Em pouco mais de 24 horas, Bolsonaro anunciou a troca do superintendente do Rio, Ricardo Saadi, que sairia por vontade própria nas próximas semanas, contestou o novo nome, de Carlos Henrique Oliveira, que já estava escolhido pela direção-geral da PF, e chegou a dar praticamente como certa a nomeação para o cargo de um delegado com quem tem contato desde que foi eleito, Alexandre Silva Saraiva.
Após uma forte reação da Polícia Federal, Bolsonaro arrefeceu e disse que “tanto faz” para quem vai ser o comandante da corporação no Rio. Ele, no entanto, manteve o que chamou de “sugestão” de Saraiva para o cargo.
—Tanto faz para mim. Eu sugeri o de Manaus, se vier o de Pernambuco tudo bem para mim — disse o mandatário.
Diante das falas de Bolsonaro, o presidente da ADPF, Edvandir Felix de Paiva, diz que “nunca foi tão clara” a necessidade de se votar a PEC da autonomia.
— Outros órgãos, como a Defensoria Pública da União e o Ministério Público Federal, têm autonomia administrativa. Eles que nomeiam os cargos internos sem precisar passar pelo governo. É isso que nós queremos para a PF, porque é um órgão de controle do Estado e não deveria passar pelo crivo do governo da vez — afirma Paiva.
Ele espera que as reações às declarações de Bolsonaro sejam um impulso para a matéria no Congresso.
— A gente tem que aprender justamente com esses episódios. Queremos criar a Comissão Especial e discutir quais são os limites dessa autonomia. Não queremos um órgão sem controle, mas sim avançar nesse assunto da autonomia da PF — conclui.
A PEC, no entanto, não é consensual dentro das diferentes carreiras da Polícia Federal. Marcos Camargo, presidente da Associação Nacional dos Peritos Criminais Federais (APCF), argumenta que a PF já tem sua autonomia e que o texto proposto é “amplo e aberto” demais.

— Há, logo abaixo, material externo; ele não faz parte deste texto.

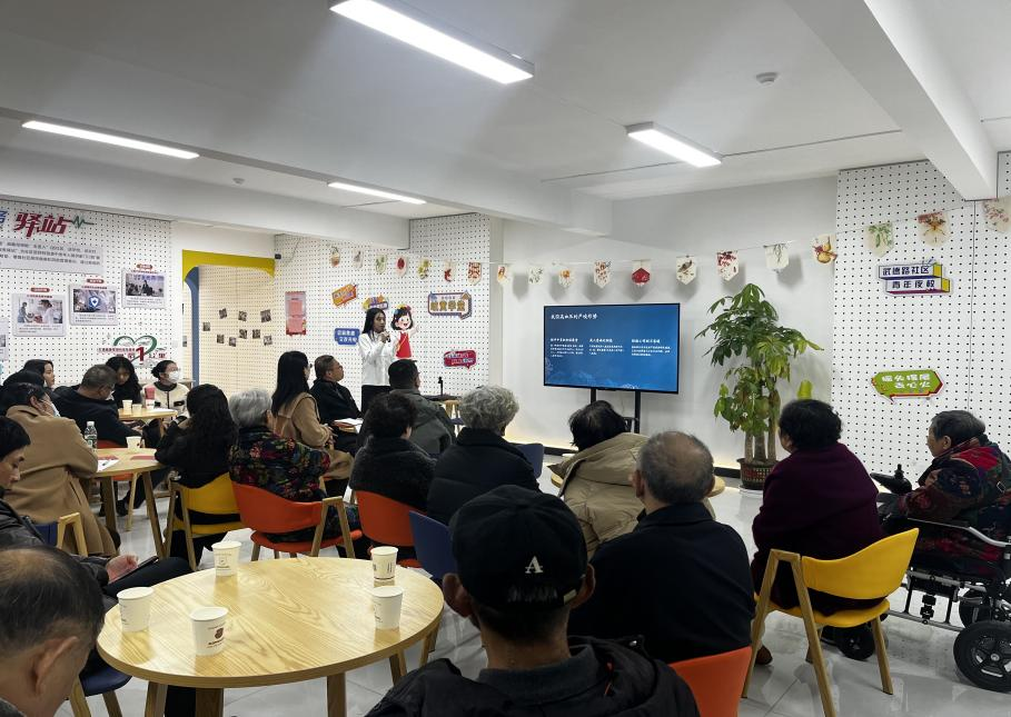 在理论宣讲环节,马克思主义学院副院长熊亮作为武德路社区的一员,紧密结合社区实际和居民关切,将党的二十届四中全会部署与健康中国战略深度融合,用“接地气、冒热气”的话语,紧扣老党员关心的健康保障、养老服务等民生话题,把党的二十届四中全会关于健全公共卫生服务体系、完善社会保障体系的部署,转化为通俗易懂的家常话,让老党员听得懂、能领会、用得上。学校青马班学员、中医2403班马菲雅同学结合党的二十届四中全会关于“加强慢性病综合防控”“推进中医药传承创新”的要求,依托所学专业知识,为大家科普“高血压的中医药防控”常识,普及中医“治未病”理念,建议大家日常调节情志、饮食上少盐少脂、适当运动锻炼、定期规范体检。

— É como se fosse um cheque em branco. Você não sabe quais são as regras e os limites —pontua. Segundo ele, a Operação Lava Jato é um exemplo da autonomia da PF.
Camargo também diz que há problemas na redação da proposta. Como exemplo, cita a retirada do trecho da Constituição que classifica a Polícia Federal como “órgão permanente”, o que para ele seria um retrocesso e enfraqueceria a instituição.